A review of the movie Seven Pounds, starring Will Smith: It was late on a Saturday evening when I decided to catch Will Smith’s latest movie “Seven Pounds”. I was reluctant to watch this movie, as the previews made me envision a sequel or prequel to “The Pursuit of Happiness”. I couldn’t have been more wrong. This movie while showing Will Smith in a serious role was not like “The Pursuit of Happiness”.
The movie starts out with flashback scenes that are difficult to determine what is present, and what is past. At one point early on in the movie, my guest and I turned to each other unsure of what was happening. As the story progresses, the flashbacks become more vivid, and revealing. About mid-way through the movie the plot becomes apparent. I’ll hold off releasing any spoiler information until the end. I thoroughly enjoyed Will Smith’s acting in this movie. He plays the serious, determined, and focused individual perfectly.
Will Smith’s character is obviously the center focal point of the story. There are two, possibly three other characters that influence the movie, but their roles are minor at best. Will Smith is able to adapt to the various scenes, and play the serious emotions that are weaved into the story. During the movie the viewer is presented with information on Will’s character. Smith utilizes these moments to convey the message and meaning of the scene.

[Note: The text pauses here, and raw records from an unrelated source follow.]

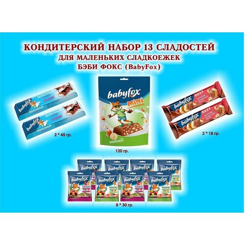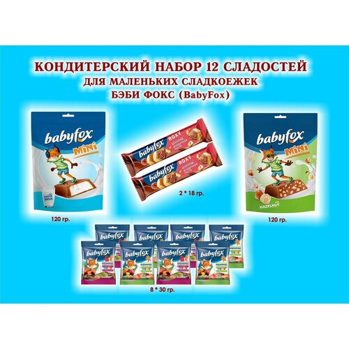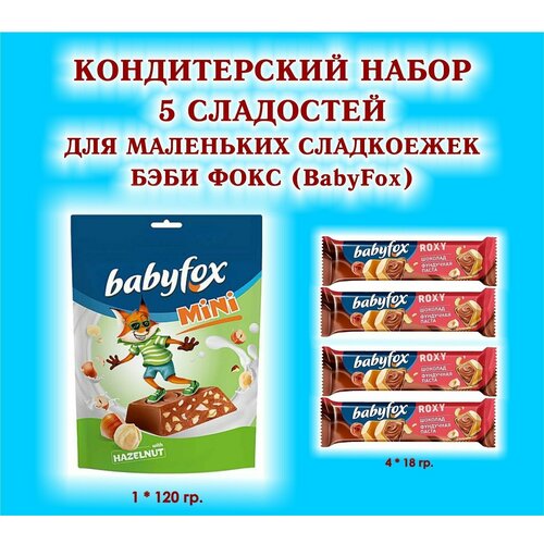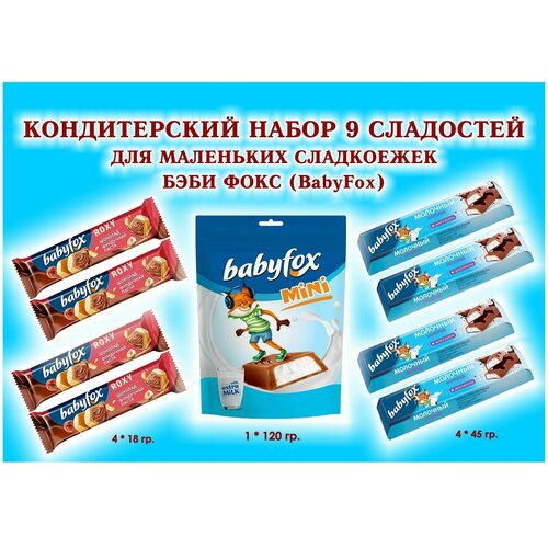 Набор сладостей"BabyFox"-Батончик с молочной начинкой 4*45 гр.+Батончик вафельный ROXY 4*18 гр.+Конфеты c молочной начинкой 1*120 гр.-детский подарок
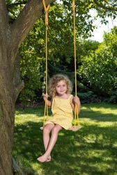 De schommel is voorzien van metalen ringen aan de ophangkoorden, die eenvoudige en veilige bevestiging mogelijk maken.
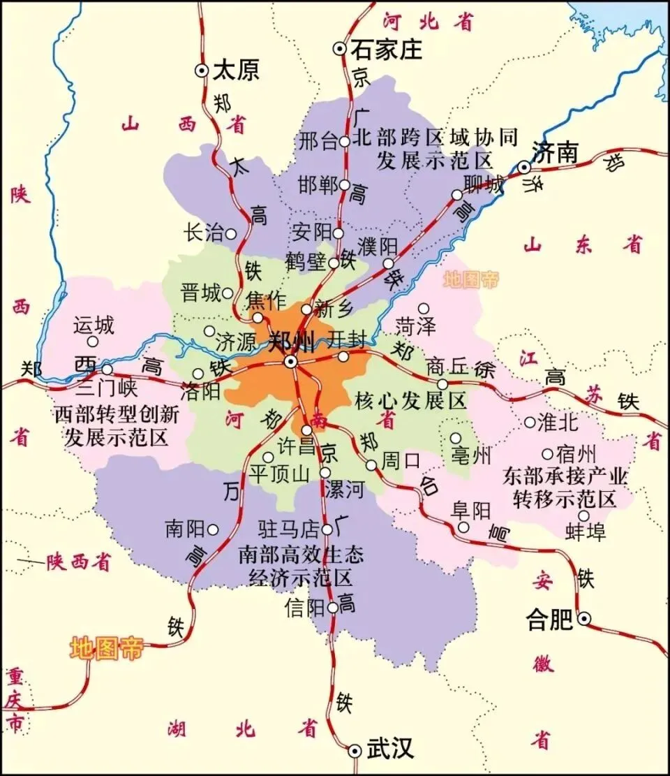 而河南省各城市放射状分布,就导致了河南的米字形高铁。
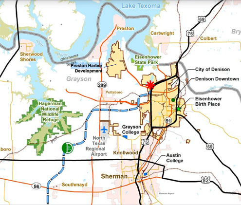 Located along one of the region’s most traveled corridors with traffic counts ranging from 30,000 to 60,000 vehicles per day on US-75, the site offers unmatched visibility and access. It is also positioned at the future intersection of the planned Grayson County Tollway, further enhancing its long-term connectivity and regional draw.
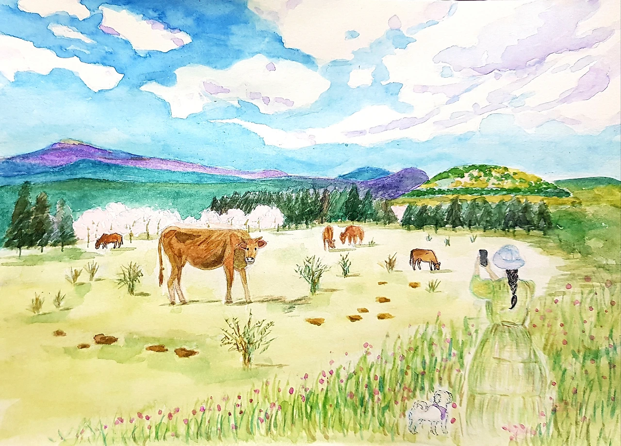 그러나 이곳도 빠르게 전파를 탄 것 같았다. 전에는 보이지 않던 렌터카이 들락거렸다. 여기도 조만간 관광객들의 차지가 될 모양이다. 우리는 사람들을 피해 목장 안쪽으로 깊숙이 들어갔다. 제주에서 고사리라는 걸 처음 꺾던 날, 뻐근해진 허리를 펴고 주변을 바라보다 감탄사가 흘러나왔던 바로 그 풍경이 펼쳐졌다. 숨이 멎을 것만 같았다. 불쑥 솟아오른 작은 오름들을 거느린 한라산 자락이 할머니의 품처럼 넉넉해서, 대자연의 품에 안겨 충만해지는 느낌에 가슴이 벅차올랐다. 딸아이도 연신 감탄하며 환호성을 질렀다.
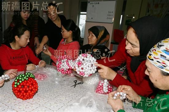2011年11月25日,各族居民在乌鲁木齐市黑甲山片区大湾北路西社区学习工艺品制作。
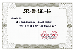 2010中国全面小康贡献企业证书
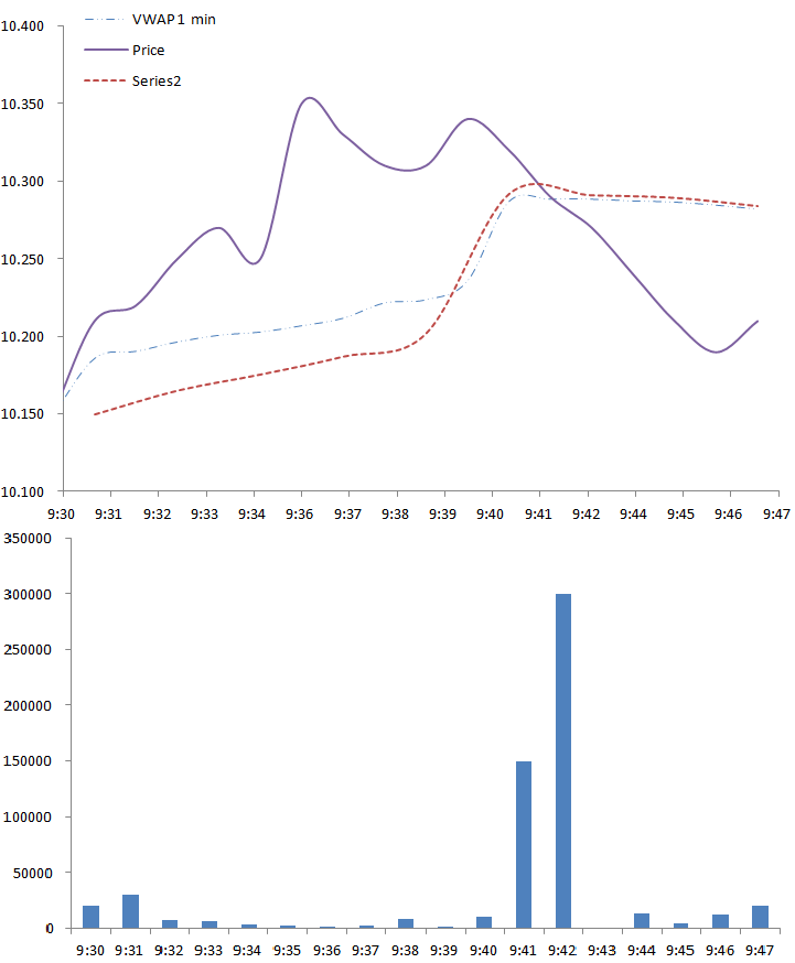 | Volume | Price | Price * Vol | Time | VWAP 1 min |
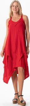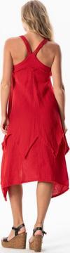 Eliş Şile Bezi Askılı V Yaka Leyla Asimetrik Kesim Midi Boy Müslin Yazlık Elbise Kırmızı Krmz
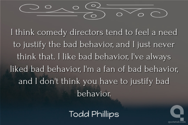 I think comedy directors tend to feel a need to justify the bad behavior, and I just never think that. I like bad behavior, I've always liked bad behavior, I'm a fan of bad behavior, and I don't think you have to justify bad behavior.
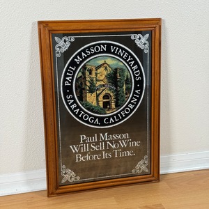 鏡面にレンガ造りのワイナリーの建物が美しく描かれ、周囲にはシルバーの装飾が施されています。下部には同社の有名なキャッチコピー 「Paul Masson. Will Sell No Wine Before Its Time.(時が熟す前にワインは売らない)」 が記され、ブランドの誇りと伝統を感じさせる一枚。
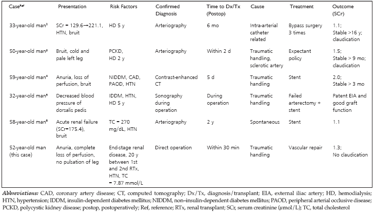 Table 1. Summary of 7 Cases of External Iliac Artery Dissection After Renal Transplant
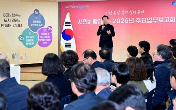 인천시는 11월 28일 인천여성가족재단에서 ‘시민 중심 복지 실현’분야 2026년 시민과 함께하는 주요업무보고회를 개최했다고 밝혔다.▲ 유정복 인천시장이 28일 부평구 인천여성가족재단에서 열린 '시민과 함께하는 2026년 주요업무보고회(시민중심 복지실현 분야)
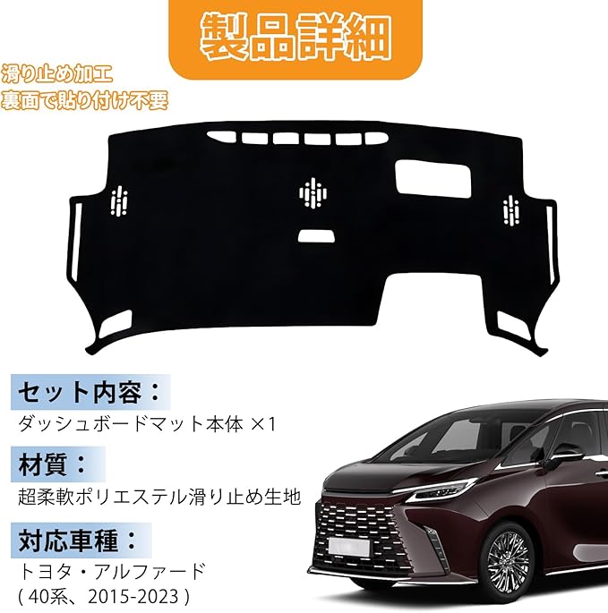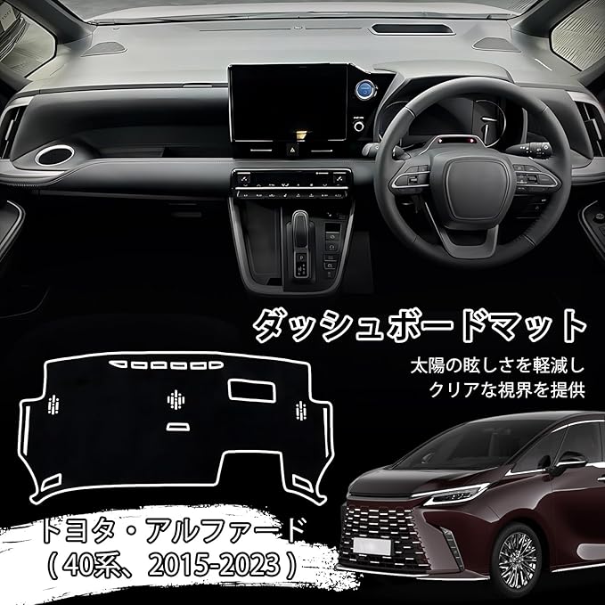 トヨタ アルファード 40系 専用 ダッシュボードマット HUDあり カバー 日焼け防止 劣化防止 ポリエステル 滑り止め 耐熱 耐久性 インテリア アクセサリー 内装カスタムパーツ ブラック
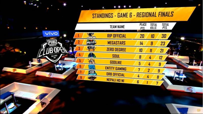 Although three members of Soul died early in the game, Regaltos came clutch for the team as he racked up 4 kills on his own. Zero Degree had a fantastic perform in game 6 as they secured the highest kills (11) in the game. However, it was RIP Offical who won the Chicken Dinner after they eliminated Megastars from the game.
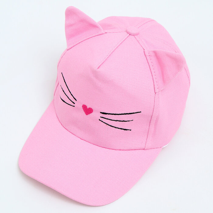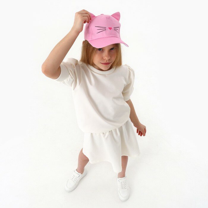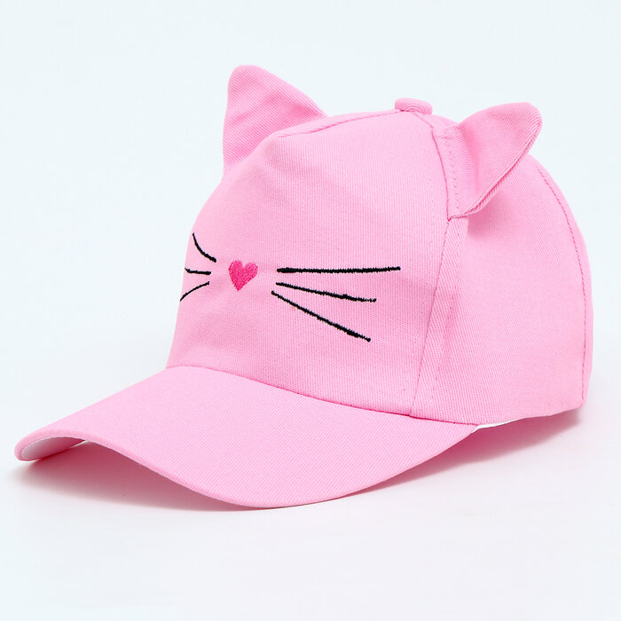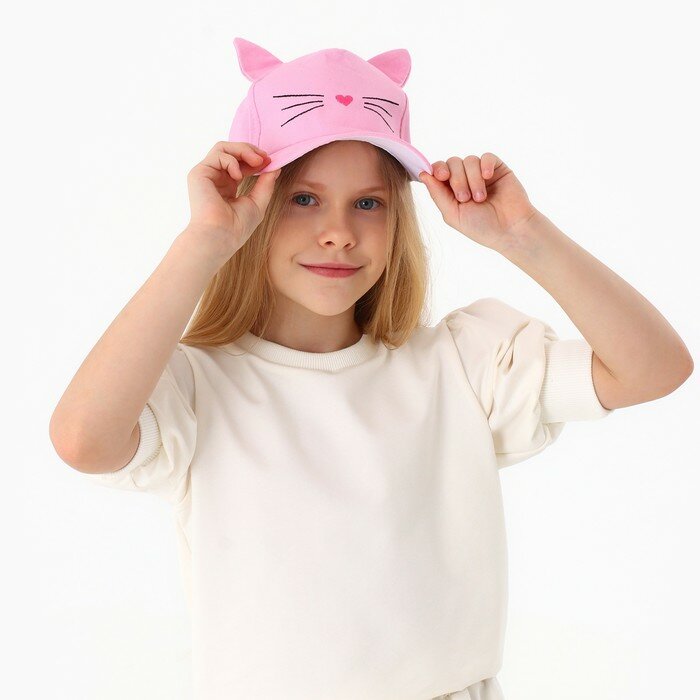 Купить Кепка детская для девочки "Котик", с ушками, цвет розовый р-р 52-54 5-7 лет

The movie presents a dark and saddening reflection of how one man is determined to make up for the wrong he has done. There is very little humor present, with deep thoughtful scenes invoking sorrow and mourning. The movie does not attempt to sugar coat Smith’s intentions. His plan has been laid out, and he follows through with each portion.
*SPOILER ALERT *
Ultimately the movie is based on a man’s mission to repent for the tragedy that he has caused. As the movie unravels, the viewer becomes aware that Smith’s mission is to take everything that he has and give it away, even his own life. Mournful of the accident that he caused in which his fiancé, as well as a van full of people crash, killing all but Smith, he embarks on a mission to give away everything he has. He utilizes the credentials of his brother, an IRS auditor to covertly gain insight into people that are possible candidates for his organs. Sneaking into the IRS computer system he locates less fortunate people that he can help. This scene seems less realistic. While I understand the exact details are of little importance, his ability to access the systems without difficulty seems inaccurate (even for the IRS!).
His goal is to help the lives of others. His recipients include a blind man (played by Woody Harrelson), his brother (in need of a lung transplant), a social worker, a battered woman, a child in need of bone marrow, and ultimately a young lady that is in need of a heart. The final organ, his heart, requires Smith to make the choice of his life or hers.
In my opinion this movie is longer than it needs to be. The initial flashback scenes only confuse the viewer. There is no desire to want to understand the history, but the film attempts to answer that question. In speaking with others that have seen this movie, we are all in agreement that the movie could have easily been cut down to provide a more direct representation of Smith’s goal.
The acting in the movie is accurate and believable. All during the movie, you can understand the actors/actresses, and can relate to their expressions. Harrelson’s character remains constant throughout the movie, as a concerned, productive member of society. Even when pushed to the limits by Smith, Harrelson’s character remains calm, and in control.
I am a fan of Will Smith, I enjoy his acting. But, unfortunately this movie does not live up to my expectations. I have to give this movie a “C-” grade.